On 19 June 2018, the text for the Fifth Anti-Money Laundering Directive (MLD5) was published in the Official Journal of the European Union. MLD5 entered into force on 9 July 2018.
The directive has brought certain virtual currency services within the scope of the European anti-money laundering framework, realising an action plan adopted by the European Commission over two years ago.
Background
This latest step comes after political agreement on the language of MLD5 was reached in December 2017,1 with the European Parliament then agreeing to the draft text on 19 April 2018.2 The rules were then adopted by the Council of the European Union at a meeting of the General Affairs Council, without discussion. The adoption of MLD5 marks the end of a two-year legislative process, which began with the European Commission's proposal in 2016 (see our client alert here).
One of the aims of MLD5 is to increase transparency in newly developed payment methods, and thereby bring virtual currencies into the scope of European anti-money laundering regulation. The new language consequently expands the existing directive to cover "virtual currency exchanges" and "custodian wallet providers", with the result that these businesses will need to carry out customer due diligence on prospective clients.
Virtual currency defined
MLD5 provides the first EU definition of virtual currency. The finalised definition differs from the one first proposed in 2016 (significant changes highlighted):
"A digital representation of value that is not issued
or guaranteed by a central bank or a public
authority, is not necessarily attached to a legally established
currency and does not possess a legal status of currency or
money, but is accepted by natural or legal persons as a
means
ofpayment exchange
and which can be transferred, stored and traded
electronically".
The replacement of the term "payment" with
"exchange" clearly widens the scope of this definition. A
token that: (i) is not accepted by any merchant or individual as a
means of payment for goods or services; and (ii) may only be
exchanged on a limited number of virtual currency exchanges, may
have fallen outside of the original definition, but will likely be
caught by the finalised version. It would be difficult to argue
that an integral characteristic of any token is not its
exchangeability. Recital 10 of MLD5 states that "although
virtual currencies can frequently be used as a means of payment,
they could also be used for other purposes and find broader
applications such as means of exchange, investment, store-of-value
product or use in online casinos".
It appears that this definition was created to cover any coin or
token issued through an initial coin offering (ICO),
notwithstanding its inherent features – a sentiment prevalent
in the MLD5 preamble, which states that "the objective of this
Directive is to cover all the potential uses of virtual
currencies".
Virtual currency exchanges
The finalised MLD5 text also appears to extend the scope of the definition of virtual currency exchanges. For instance, the European Commission's 2016 proposal referred to "providers engaged primarily and professionally in exchange services between virtual currencies and fiat currencies".3 The 2018 text has removed the reference to "primarily and professionally", widening the range of services and businesses that might be caught. However it is clear that the exchange must allow customers to exchange virtual currencies with fiat currency to fall within scope. On a literal reading, a pure virtual currency exchange, which only offers a crypto-to-crypto exchange service, will be out of scope.

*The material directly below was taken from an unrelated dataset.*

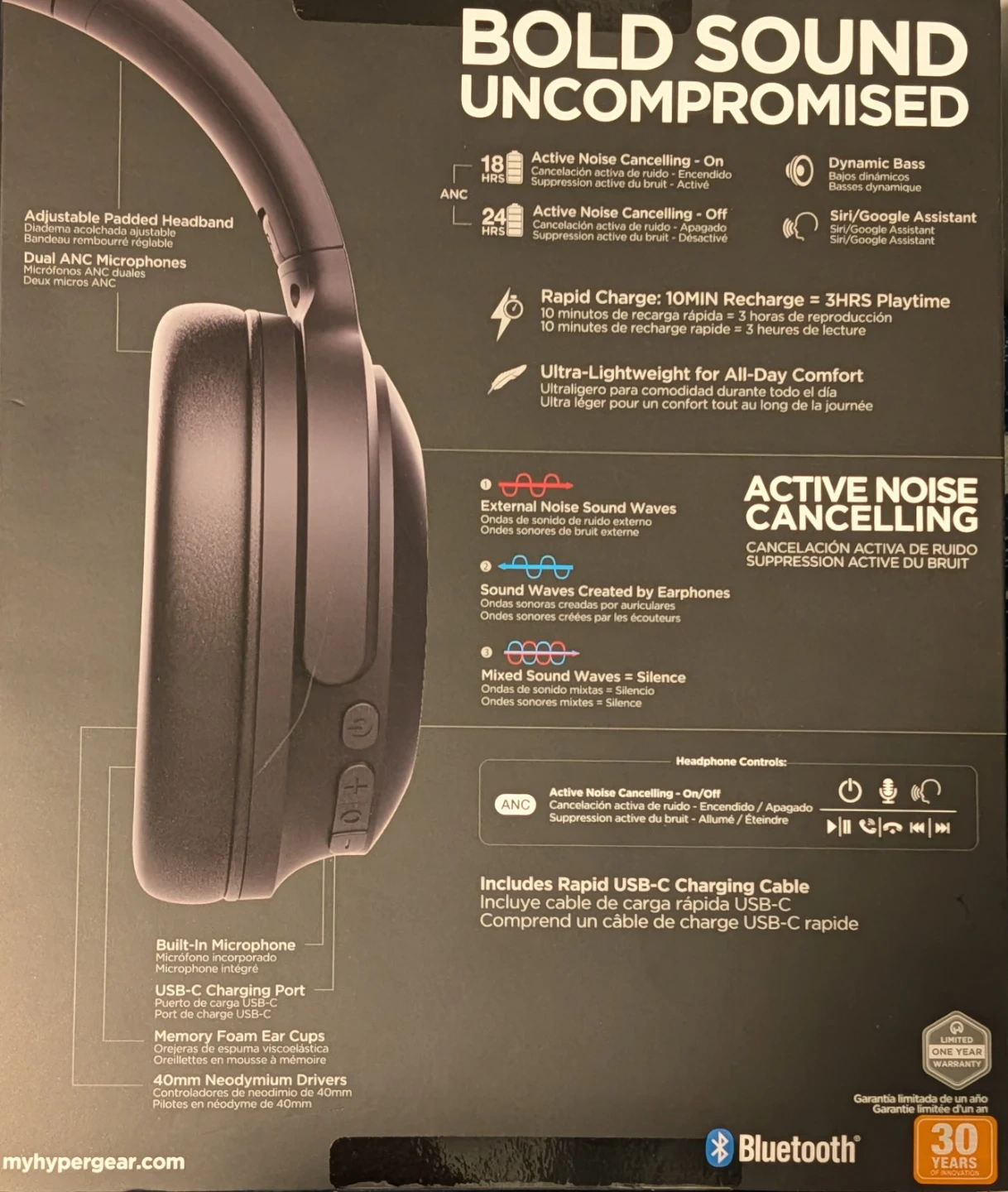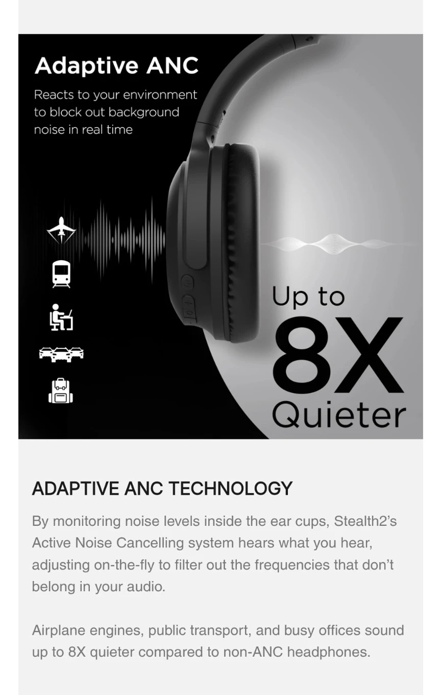 Hypergear Stealth2 ANC Wireless Headphones - Like New!

Custodian wallet providers
Custodian wallet providers (entities that provide services to safeguard private cryptographic keys on behalf of their customers, to hold, store and transfer virtual currencies) will, along with virtual currency exchanges, become obliged entities4 under MLD5. Those entities in scope will be required to carry out customer due diligence, including know-your-customer checks.
E-money, e-money, miny, moe, does this catch an ICO?
MLD5 also makes it clear that virtual currency should not be confused with e-money (as defined in article 2(2) of the E-Money Directive)5 or funds (limited to meaning banknotes and coins, scriptural money or electronic money, as defined in point 25 of article 4 of the Payment Services Directive).6 The potential categorisation of ICOs as e-money issuance has been a hot topic of debate around Europe for some time. The step towards regulatory clarity in this regard will be welcomed.
Next steps
This is an important and much-awaited development in the cryptocurrency regulatory landscape. In accordance with article 4 of MLD5, EU member states have until 10 January 2020 to implement the directive into national law. This is a final deadline date and the European Commission is encouraging earlier implementation from member states.
Although this may seem like a reasonable period of time, virtual currency exchanges and custodian wallet providers should begin to prepare now. Compliance with MLD5 could mark a significant change in business models, and in on-boarding processes specifically. The cost (in both time and money) involved in regulatory compliance should not be underestimated.
See a link to MLD5 here.
Footnotes
1 See consilium.europa.eu.
2 See europa.eu.
3 Fiat currencies such as paper notes (e.g., US dollars) are a form of legal tender often issued by central banks or public authorities (e.g., a government), but not backed by a commodity such as gold.
4 The Money Laundering Directive applies to the obliged entities listed in article 2 of Directive (EU) 2015/849.
5 Directive 2009/110/EC.
6 Directive (EU) 2015/2366.
This article is presented for informational purposes only and is not intended to constitute legal advice.